I can sum up the number of times I've posted a recipe here at the Vortex with no hands. As in never have I ever. But this one has to do with my continuing love affair with New England, so hang in there.
While in Salem, I had red velvet hot chocolate (I know!) at Jaho Coffee & Tea on Derby Street. Not only could I have written an entire novel in its atmosphere, but that cup was truly the flavor of my love affair with Salem. The perfect strolling partner on the one mile jaunt out to the Salem Harbor lighthouse. The most memorable cup of hot chocolate. Evah.

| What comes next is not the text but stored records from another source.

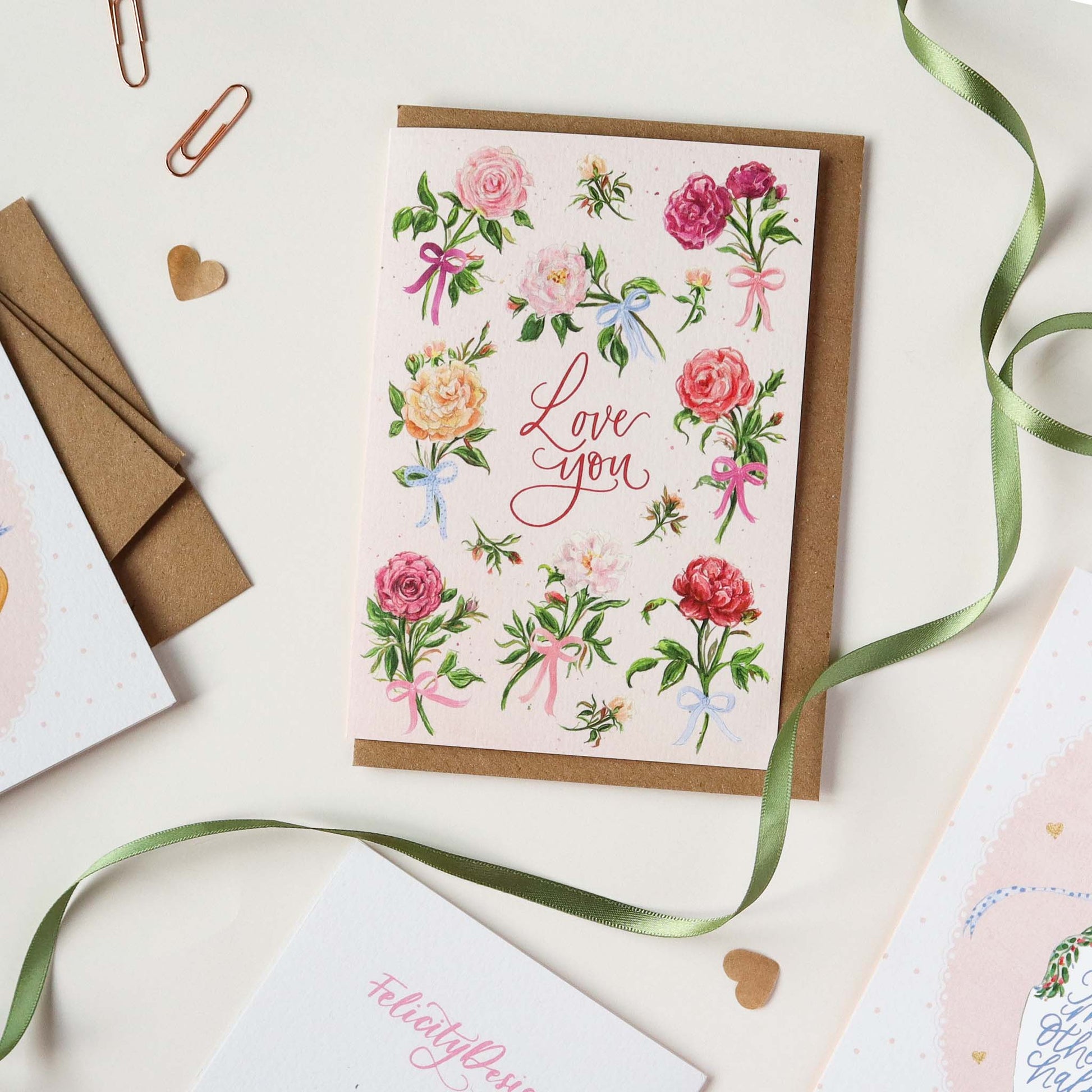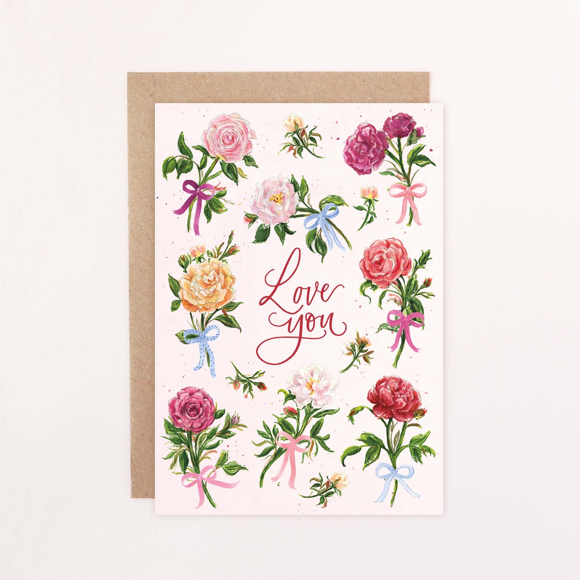 A heartfelt card featuring delicate English garden roses, one of the most charming flowers in any cutting garden, paired with flowing coloured bows. All lettering is hand illustrated for that unique touch. A perfect choice for anniversaries, special dates or just because.
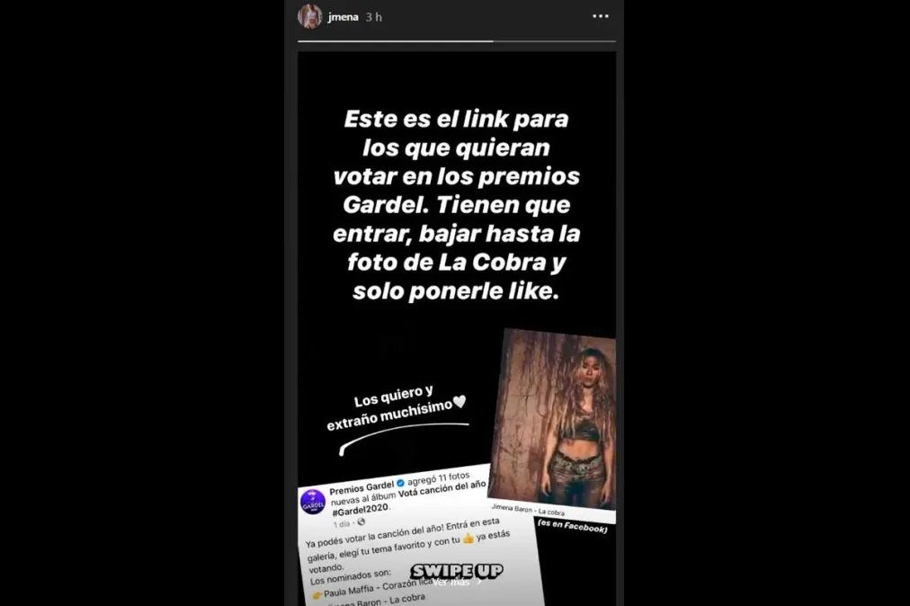 "Este es el link para los que quieran votar en los premios Gardel. Tienen que entrar, bajar hasta la foto de La Cobra y sólo ponerle like", señaló en su stories de Instagram. Y luego, destacó: "Los quiero y extraño muchísimo".
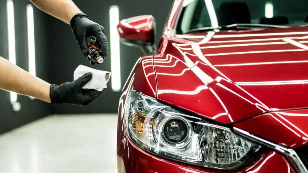 Ceramic Coating is a liquid polymer comprising nano-ceramic particles that bond with the vehicle’s exterior after application. The result is a thin, smooth, hydrophobic layer that protects the car from environmental pollutants, UV Rays, and oxidation. The properties of ceramic coating make it easier to clean since water and dirt slide off the car’s surface easily. Some ceramic coatings combine silicon dioxide and titanium dioxide to provide the best of both worlds; these hybrid coatings offer exceptional durability while being easy to apply.

When I returned home, I found recipes for red velvet hot chocolate that encouraged me to add red food coloring to my mix. Really? Red velvet is SO much more than just its color. It took me some time, but I toiled and crafted in my kitchen until I had triumphed over this most delicious concoction. I hope it is Fall-like where you are this week and you consider trying it. Here, the butt-sweat level is still much too high for hot drinks. New England, I miss you!
Red Vortex Hot Chocolate
(you didn't think the first recipe here would go without Vortex did you?)
2 tbsp. sugar
2 tbsp. cocoa
2 tbsp. red velvet cake mix
1 cup milk
1/4 tsp. vanilla extract
Dash of salt
Mix sugar, cocoa, cake mix and salt in a large Fabio mug. Heat milk in the microwave until hot. Add milk to powder mixture. Add vanilla. Top with whipped cream and dark chocolate shavings.